Cardiac movement and limited temporal resolution will introduce blurring in CT images of coronary arteries. The result for image scoring showed that the influence of cardiac movement is almost twice as large as the influence of the temporal resolution. To reduce blurring, it is therefore more efficient to reduce the heart rate than to increase the temporal resolution.

Limitations

These results have been obtained using a moving heart phantom. It remains uncertain how well these results are applicable to patients. However, a previous study showed that the movement of the heart phantom is a good approximation to the in-vivo situation [18]. Furthermore, in order to approach the in-vivo situation as close as possible, contrast fluid and fat were used, with CT attenuation values equal to those in-vivo.

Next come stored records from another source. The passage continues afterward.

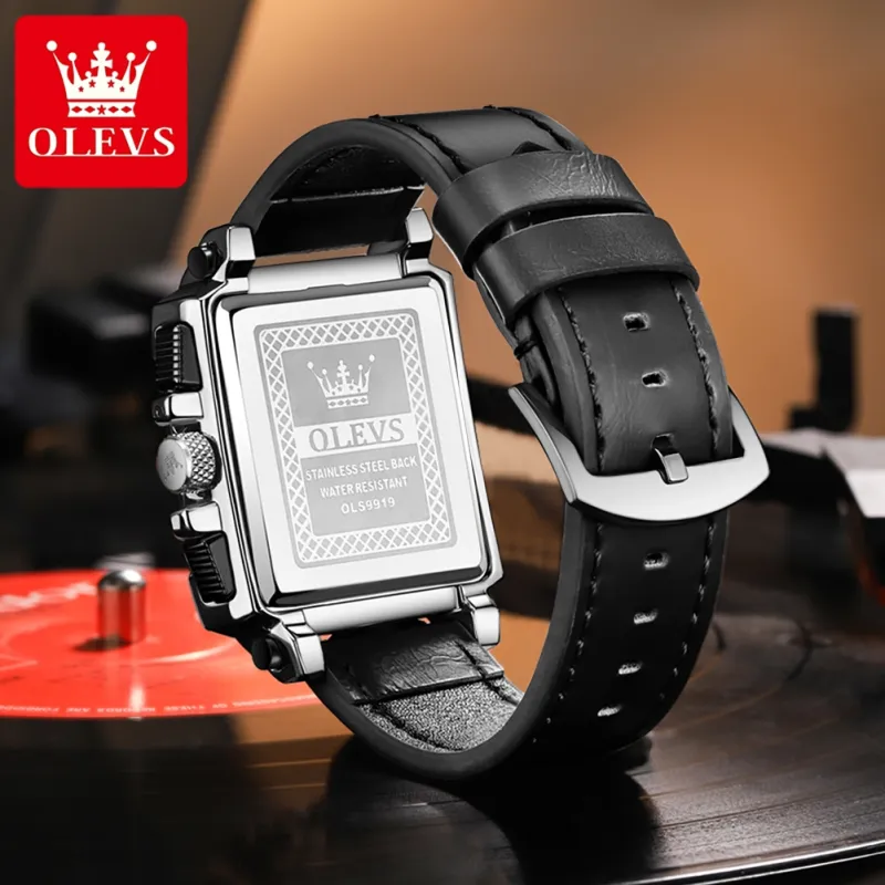 Reloj OLEVS OP-9919, Correa Clásica de Cuero Genuino, Calendario, Multifuncional, Cronógrafo, Reloj de Cuarzo Cuadrado para Hombre
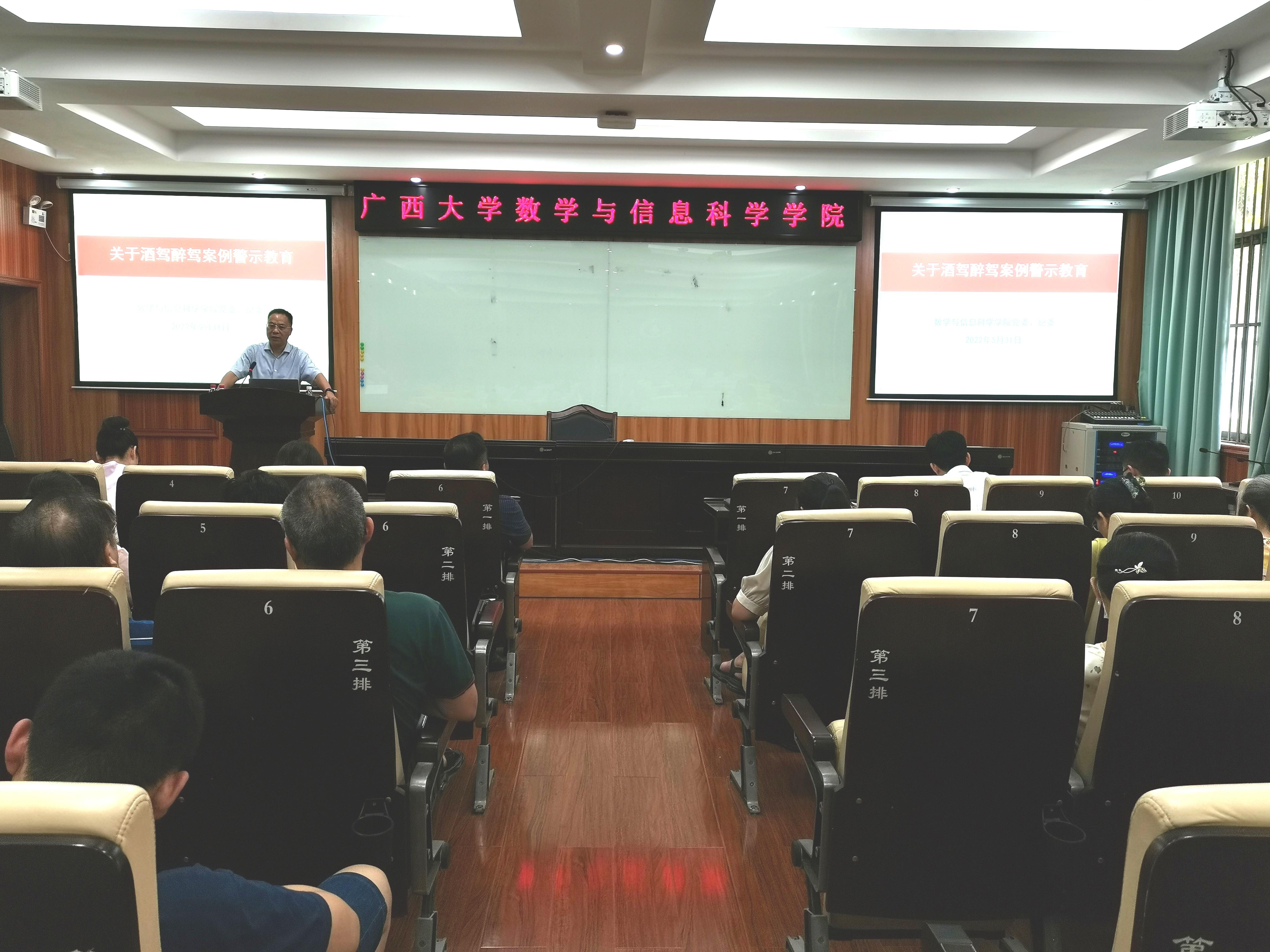 党委书记黄建荣指出,学校纪委通报的我校5起酒驾醉驾酒驾醉驾违纪违法问题案例,给全体教职工敲响了警钟。他还强调,广大党员干部、教职工要切实从这些案例中汲取教训,引以为戒,本着对自己、对家庭、对社会、对组织高度负责的态度,时刻自重自警自励,做遵纪守法的模范;要深刻认识到酒驾醉驾表面上看是普通的违纪违法行为,实际上是典型的“四风”问题,严重败坏党风政风,威胁群众生命财产安全。作为高校党员干部和教职工,肩负着立德树人的使命,其酒驾醉驾行为之害更甚于普通群众,会严重损害党员干部、教师的良好形象,对社会造成的影响极其恶劣,一定要严格做到遵纪守法,坚决不能以身试法,杜绝酒驾醉驾违纪违法问题的发生。
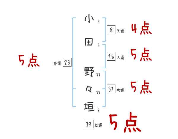 小田野々垣さんの画数の鑑定結果
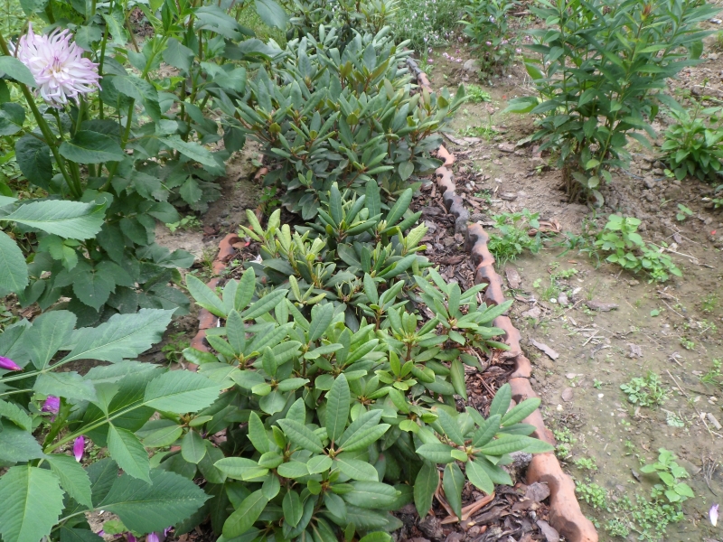 Moje rododendrony w tym roku zrzuciły sporo liści. Przyczyna jest prosta. Liście zrzucone, to liście zeszłoroczne. A zeszły rok, zwłaszcza lato były dla rodków straszne. Niesamowity upał i suchość powietrza (zwłaszcza powietrza, bo rodki podlewałam regularnie)sprawiły, że rośliny ledwie zipiały. Tak też z ulgą teraz zrzucają te liście, które ledwie mogły utrzymać. Taka jest moja obserwacja z wieloletnich upraw rodków zwłaszcza tych po przejściach. A w zasadzie to oprócz dwóch, wszystkie właśnie pochodzą z różnych ogrodów, gdzie coś im nie pasowało.
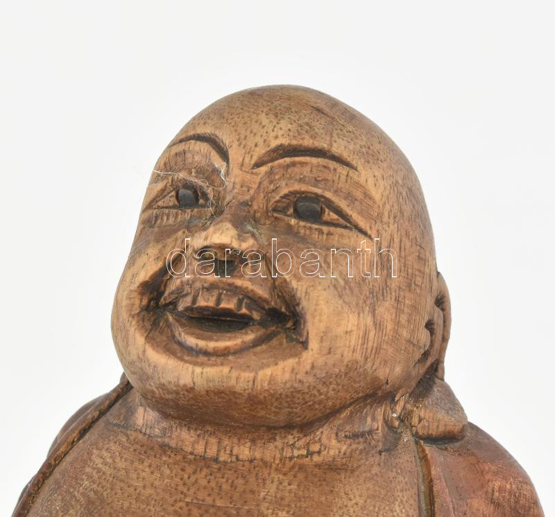Nevető Buddha. Faragott fa, kis kopással, m: 14,5 cm
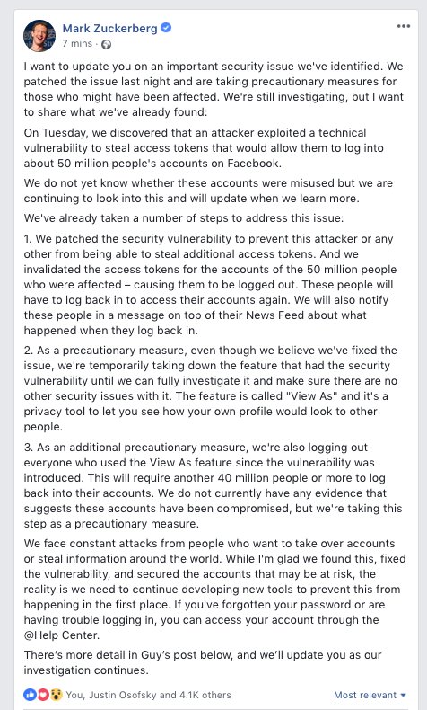 गएको बिहिबार फेसबुकको सुरक्षा प्रणाली तोडेर ह्याकर हरुले धेरै प्रयोग कर्ता हरुको पासवर्ड चोरि गरेका छन् । उनीहरुले फेसबुकको टोकन चोरी गरि सजिलै प्रयोगकर्ता को जानकारी हासिल गरेका हुन् ।
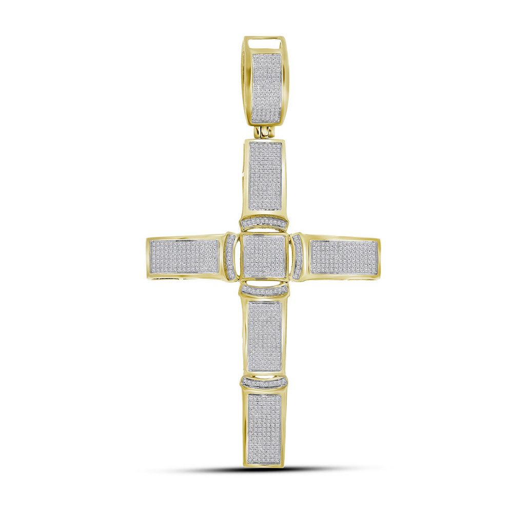 REF-150K0R - SKU: GD77903 ---- Mens Diamond Roman Cross Religious Charm Pendant 1-1/2 Cttw 10kt Yellow Gold
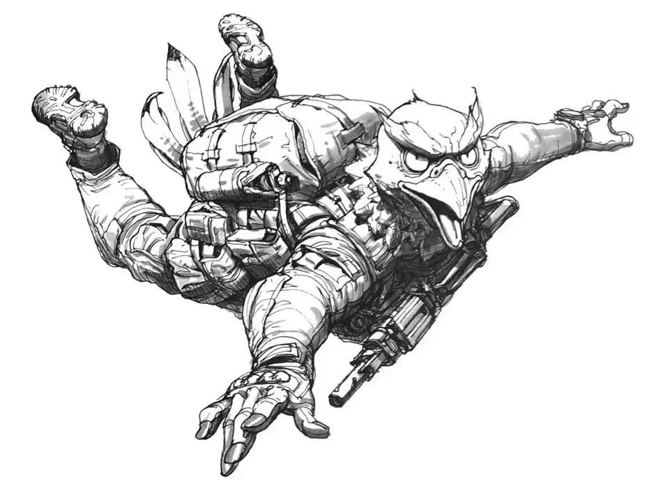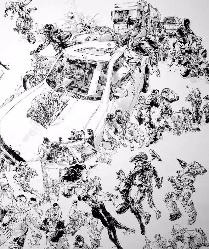 與此同時,金政基的科幻之中帶著細(xì)膩,畫每一個人物都仿佛在做人體解剖,線條流暢,造型準(zhǔn)確,非常寫實,仔細(xì)看,人體皮膚的紋路與褶皺都栩栩如生。
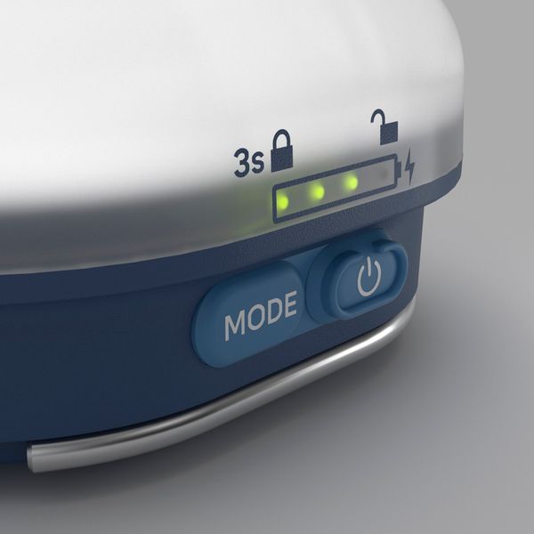 Mit zwei Lichtmodi und vier Helligkeitsstufen bietet die Glow Blue die Flexibilität, die du benötigst. Der äußerst stromsparende 5 Lumen Modus überzeugt mit einer beeindruckenden Leuchtdauer von bis zu 101 Stunden. Dank des Doppelhaken-Designs lässt sich die Laterne einfach neigen oder im Zelt aufhängen, während die rutschfesten Details für Stabilität auf unebenen Flächen sorgen.
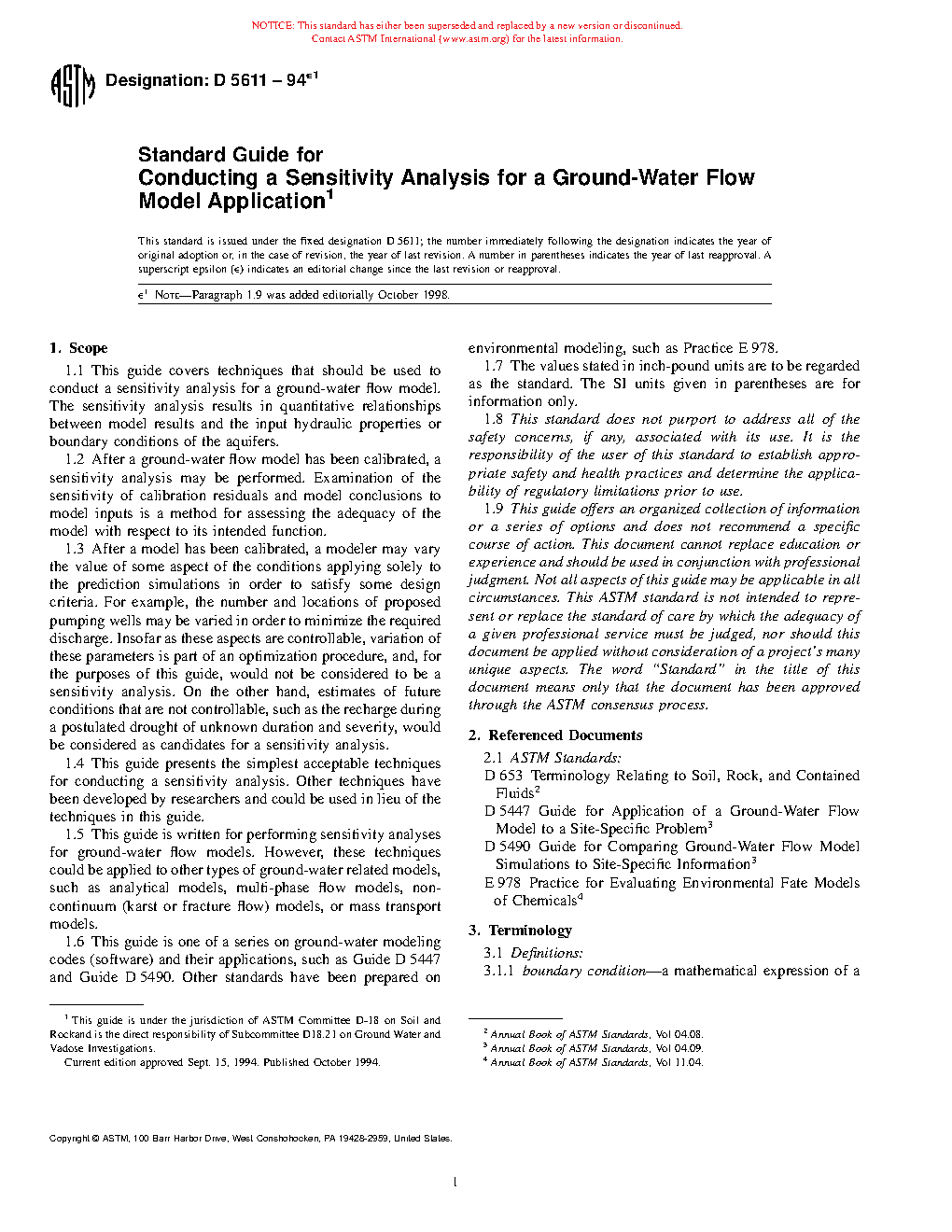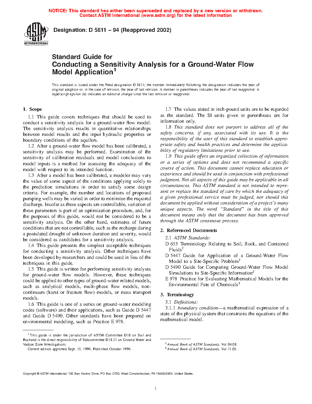 1.5 This guide is written for performing sensitivity analyses for groundwater flow models. However, these techniques could be applied to other types of groundwater related models, such as analytical models, multi-phase flow models, non-continuum (karst or fracture flow) models, or mass transport models.

Screenshots captured with the visualisation software were used to perform LV measurements. A loss of information is expected due to image compression used in the .jpg format of the screenshots. However, a comparison between the screenshot method and direct analysis using dicom files showed no observable difference in results.

Conclusion

We have shown that at increasing heart rates the CT attenuation in the stent increases and the lumen visibility decreases. A new approach to asses the stent lumen has been described which shows similar results to CT attenuation measurements and previous studies. The cardiac movement during data acquisition causes approximately twice as much blurring compared with the influence of temporal resolution. We conclude that a lowering of the heart rate is more beneficial to image quality than using a multi-sector reconstruction technique. In addition, we conclude that it is beneficial to image quality to acquire data in one cardiac cycle.